NPL sales reduce the
number of severely delinquent loans in the GSEs' portfolios and the rules are
subject to FHFA requirements that encourage NPL buyers to prioritize outcomes
for borrowers other than foreclosure, FHFA wrote. It isn't small potatoes:
through May 2016, GSEs sold 41,649 NPLs with aggregate UPB of $8.5 billion, and
loans included in NPL sales had an average delinquency of 3.4 years and an
average current LTV ratio of 98%, not including capitalized arrearages.
Pretium Mortgage Credit
Partners I Loan Acquisition, an entity affiliated with Pretium Partners, were
second-largest NPL buyer taking down 9 pools of loans with UPB of $1.48b at
settlement date; 7,571 loans, or 18.2% of total loan count sold. Coming in
3rd place was GCAT Management Services 2015-13, affiliated with
Angelo Gordon. 4th on the podium was MTGLQ Investors, affiliated
with Goldman Sachs. Runner-up buyers included Rushmore Loan Management
Services, New Residential, and Bayview.
Shifting our collective gaze to
the bond markets, recall that Friday we closed the 10-year at a yield of 1.37%.
We began yesterday with it 1.40%, and it closed at 1.43% - worse in price by
.625. The 5-year T-note, arguably a better proxy for MBS prices, worsened .375.

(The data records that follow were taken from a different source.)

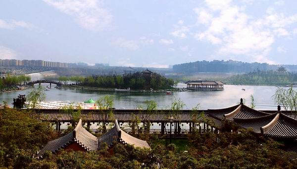 隋唐时期是我国古代园林发展的全盛期。隋代园林以丰富的水景水法取胜。如隋炀帝的西苑即以水景为主,园之湖面周长十多里,象征蓬莱、方丈、瀛洲的山景浮于烟波之中,山上的台观楼阁依稀可辨。唐代除了在长安大修宫室以炫耀王权外,还在骊山依山而筑华清宫,使骊山渭水、离宫别馆融为一个巨大的园林。又在长安城北筑东苑、内苑和禁苑,并在禁苑内筑“逑场”,供贵族们打马球,这是我国园林中最早出现的体育设施。另外,长安城内还出现我国历史上第一座公共游览性质的大型园林——曲江。环江还有观榭、紫云楼、采霞亭等,每年定期向市民开放。我们从杜甫的《丽人行》,敦煌曲子词《莫攀我》以及唐人传奇《李娃传》、《霍小玉传》等诗词小说中,可以推测这座唐代公园的盛况。
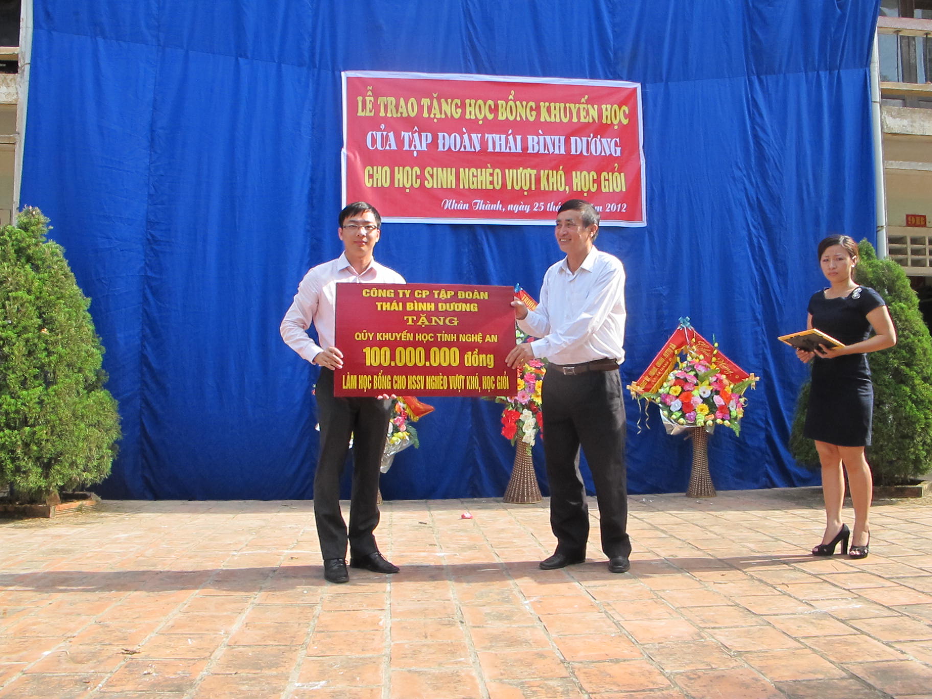 Đồng hành cùng Hội Khuyến học Nghệ An, những năm qua, Tập đoàn Thái Bình Dương đã tài trợ bằng tiền mặt cho Hội 460 triệu đồng và cam kết tài trợ các năm 2013-2015 mỗi năm 100 triệu đồng. Trong năm 2012, Tập đoàn Thái Bình Dương và Hội Khuyến học Nghệ An đã tổ chức trao học bổng cho 220 học sinh nghèo vượt khó từ bậc học mầm non đến Trung học phổ thông trên địa bàn tỉnh Nghệ An, đóng góp tích cực vào kết quả hoạt động của Hội Khuyến học Nghệ An trong năm 2012.
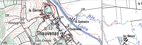 Commentaire historique : Une motte, mentionnée sur un plan terrier du 18e siècle et située à 100 mètres à l'ouest du château actuel, pourrait être le premier siège de la seigneurie de Thauvenay ; c'est à l'emplacement du château reconstruit au 13e siècle (?) (il reste 2 tourelles d'enceinte avec archères) que, Pierre Perrinet de Faugnes réédifie entièrement le logis seigneurial, dans les années 1770-1773 (la maison à l'entrée des communs est antérieure à la construction du nouveau logis seigneurial). Une canalisation d'eau pour alimenter le château est alors établie depuis la fontaine, construite en 1773 (date portée), située en amont à 150 mètres. Un vaste parc est aménagé, comme l'atteste le plan terrier de la seigneurie, contemporain de la construction. Le château est racheté en 1819 par la comtesse Bachasson de Montalivet qui réaménage le logis. En 1898, la demeure, qui appartient à la famille de Chabaud La Tour, est agrandie à l'est d'un nouveau corps de bâtiment avec tourelles fermant la cour située derrière les cuisines du château ; la construction et la décoration de ce nouvel édifice sont confiées à Louis Parent, architecte à Paris. Les écuries, très bien conservées, datent de cette campagne de construction. Le colombier situé dans le parc du château a été rasé il y a peu de temps.
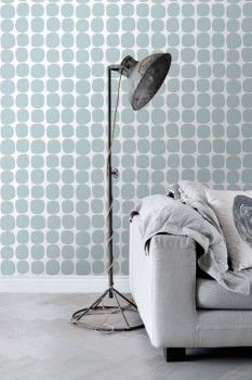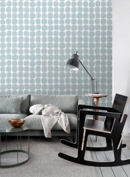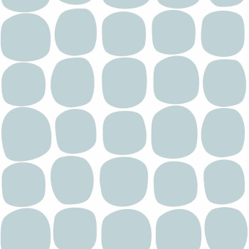 Vliesová, bílá tapeta s blankytně modrým geometrickým vzorem.
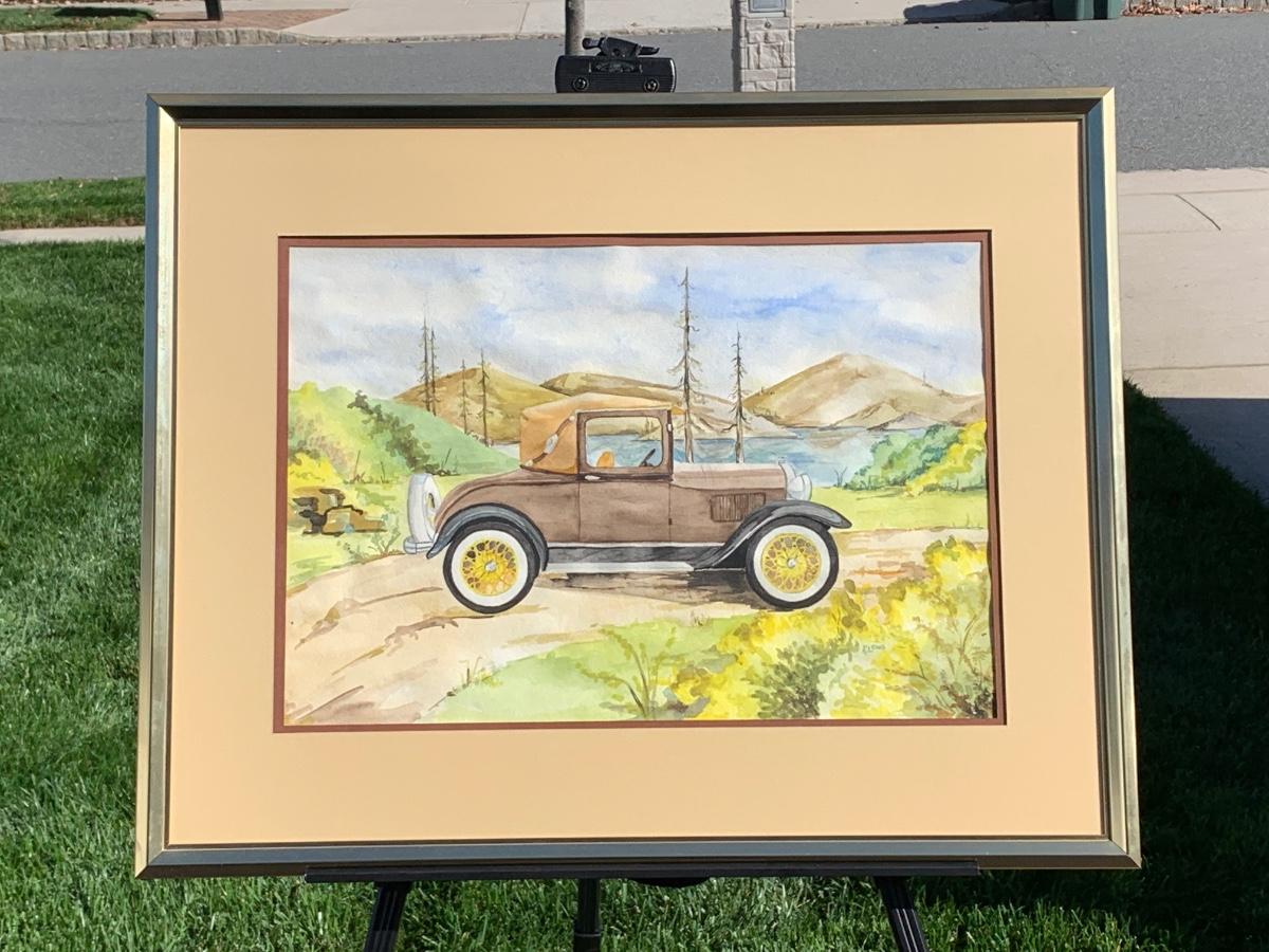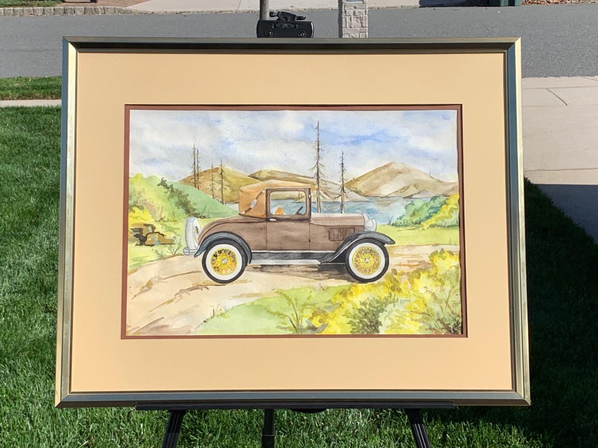 LOT 102R: R. Lewis Signed & Framed Art of Ford Model A
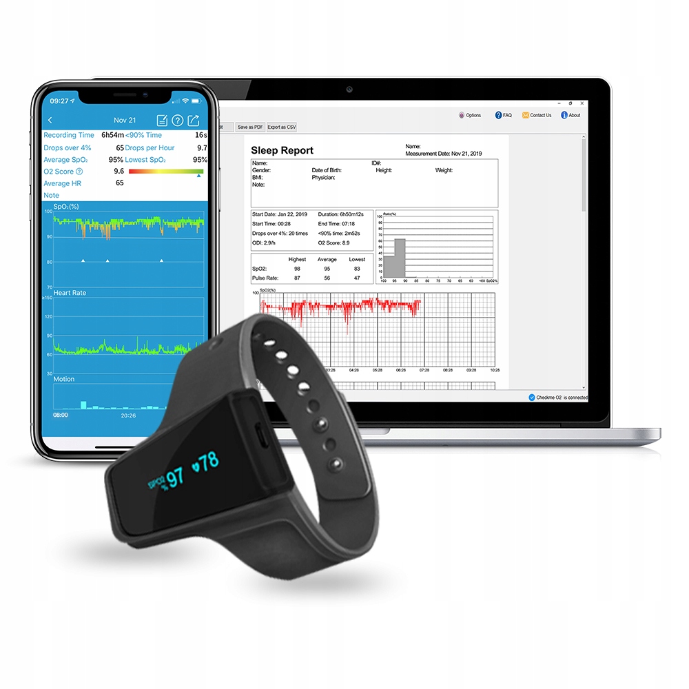 Checkme O2 Max ™ - самый продвинутый монитор сна, который каждые 2 секунды. Он контролирует уровень кислорода в крови и оповещения с помощью вибрации апноэ. Он обеспечивает анализ в ходе, благодаря мониторинге кислорода, частоты сердечных сокращений и движения тела. Вы можете легко проверить результаты на вашем смартфоне или компьютере с помощью бесплатных приложений.
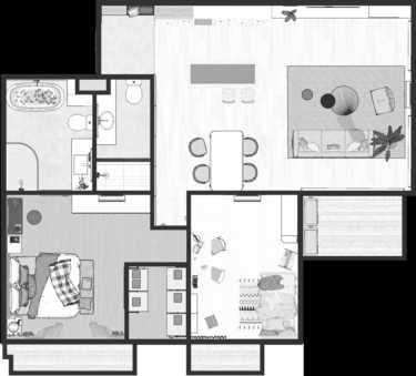 The flat of this plan located in the Taipei city center belongs to these parents. They have a daughter in first grade. They want their home to be in a light tone and brighter Modern style or combine with Scandi style. The wife has more clothes to store, so she wants more wardrobes in the master bedroom, or a walk-in closet. Due to the current young age of the daughter, as she gets older, the furniture will need to be replaced all the time. Therefore, I try not to install furniture fixed to the wall and ceiling so that it could be better moved and replaced in the future.

The good news, however, is that agency MBS prices did better than Treasury
market, and "tightened." In fact, MBS prices were largely
impervious to the treasury market tumble with FN30 3% confined to less than a
.125 range.
Not that they always move
in the opposite direction, but stocks rallied. The S&P 500 hit an all-time
high of 2,143.2. Since investors view stocks as riskier than bonds, this is
known as "risk on." Perhaps it was instigated by Kansas City Fed
President Esther George saying that rates are currently too low given the
economy's recent progress.
For news today we'll have
a raft of Fed speakers. We'll also have, at 10AM EDT, the JOLTS job openings
for May along with May wholesale inventories and sales. The Treasury will
auction $45 billion in 1-month bills at 11:30AM EDT and followed, at 1PM EDT,
by the second leg of this week's mini-refunding when $20 billion reopened
10-year notes are sold. Until all that happens the 10-year is currently at
1.47% and agency MBS prices worse about .125.